You also have to be realistic and listen to your body – I’ve had to cut runs down due to suspicious aches in my shins. And I’ve also always had to be prepared to break the streak, it’s better to let an injury heal before you start a new streak than try to run through an injury and be out for a year. Luckily, that hasn’t come up yet – because while this sort of thing is very easy to type, when an injury does occur, I’m not sure my ego will find resetting that magic number so simple a task.

Yay! Go Running Streaks!

Some of the spoils of my running streak - my shoes

That warning aside, running has been one of the few constants in my life this year (yeah, this is where the introspective, self indulgent bullshit stuff begins – bet you’re glad you read on now, eh?). Despite changing jobs and cities – among many other things – running has kept going alongside all of that stuff, regardless. It has been something to turn my attention to, something to set goals against, something that has given me a continual sense of achievement, and something to force myself out of the house in order to clear my head. It has been great, both physically and otherwise.

Speaking of achievements, at the beginning of the year I set a target of 500 miles, figuring most of my runs would be in the 1-2 mile mark. But due to training for the Great North Run, my mileage was upped considerably and I ended up hitting 1124 miles on my 365th day. Not too shabby.

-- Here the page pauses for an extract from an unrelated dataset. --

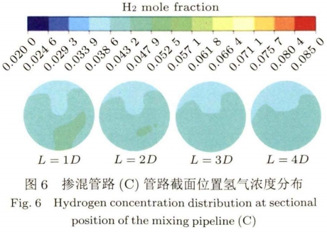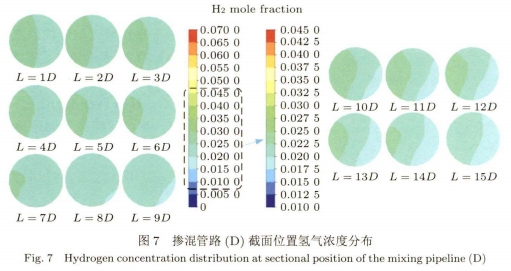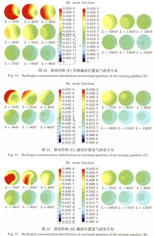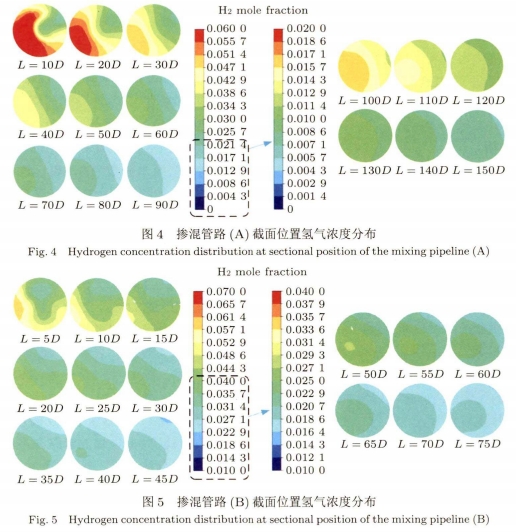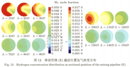 如(ru)圖4所示(shi)摻混管(guan)路A在螺(luo)旋管路(lu)出口處(chu)渦流作(zuo)用非常(chang)劇🏒烈💃🏻,其(qi)分層現(xian)象明顯(xian)。且不同(tong)于--般氫(qing)氣的上(shang)下分層(ceng),摻混管(guan)路A中管(guan)道🐪中的(de)氫氣直(zhi)存在左(zuo)右分👨❤️👨層(ceng),直至摻(chan)混距離(li)在140D~150D達到(dao)摻混均(jun)勻,此時(shi)氫氣摩(mo)爾分數(shu)均約爲(wei)0.8%。圖5所示(shi)摻混管(guan)路B的管(guan)路截面(mian)氫氣濃(nong)👉度分布(bu)變化💃規(gui)律與圖(tu)4相似,直(zhi)至摻混(hun)距離在(zai)65D~70D達到🔆摻(chan)混均勻(yun),氫氣基(ji)本不再(zai)分層,此(ci)時氫氣(qi)摩爾分(fen)數均約(yue)爲1.9%。而圖(tu)6所示🤞的(de)摻混管(guan)路C在螺(luo)旋管道(dao)出口處(chu)就✊已經(jing)基本達(da)到摻🈲混(hun).均勻,氫(qing)氣已基(ji)本不存(cun)在分層(ceng),此時氫(qing)氣摩爾(er)分數均(jun)約爲3.9%。相(xiang)比摻混(hun)管路C的(de)三匝螺(luo)旋管,圖(tu)7所示摻(chan)混管路(lu)D增加到(dao)六匝螺(luo)旋的摻(chan)混效果(guo)反而下(xia)降。螺旋(xuan)管道出(chu)口氫氣(qi)分層,直(zhi)至摻混(hun)15D時達到(dao)摻混均(jun)勻,氫氣(qi)不再分(fen)層,此時(shi)氫氣摩(mo)爾分數(shu)約爲🏃2.0%。

So yes, with all this in mind, I would say that starting a streak of any type gives you an incredible impetus to get a task done, and I would recommend it to anyone with a goal to achieve of any sort. Running is a great way of staying active and keeping your head in check, I’d recommend that too.

I was going to post about my goals for 2013 here, but that seems to have developed a life of its own and should hit this website in the next week. Cheers for reading this far – and if you haven’t had enough of my self-indulgent running bollocks, I post updates on dailymile and I sometimes natter on about it on twitter.

Edit / Addendum

Allan Whatmough asked on Twitter:

http://twitter.com/allanw/status/286835193174716416

Which raises a great oversight in this post – how do I not forget the odd run? Well I prioritise the run as the first thing I do everyday. I don’t eat, I have a glass of water if I’m dehydrated (always sure to hydrate if I was drinking the night before), and then I just run. I find it hard to run with food in my stomach anyway – I’m just conscious of it being there, so I guess this system works pretty naturally for me. Even long runs don’t justify food yet (15 miles is about the longest I’ve ever gone). I guess this is a similar solution to disciplining myself as saver’s use to make sure they ‘pay themselves first’ – which I’m sure works nicely.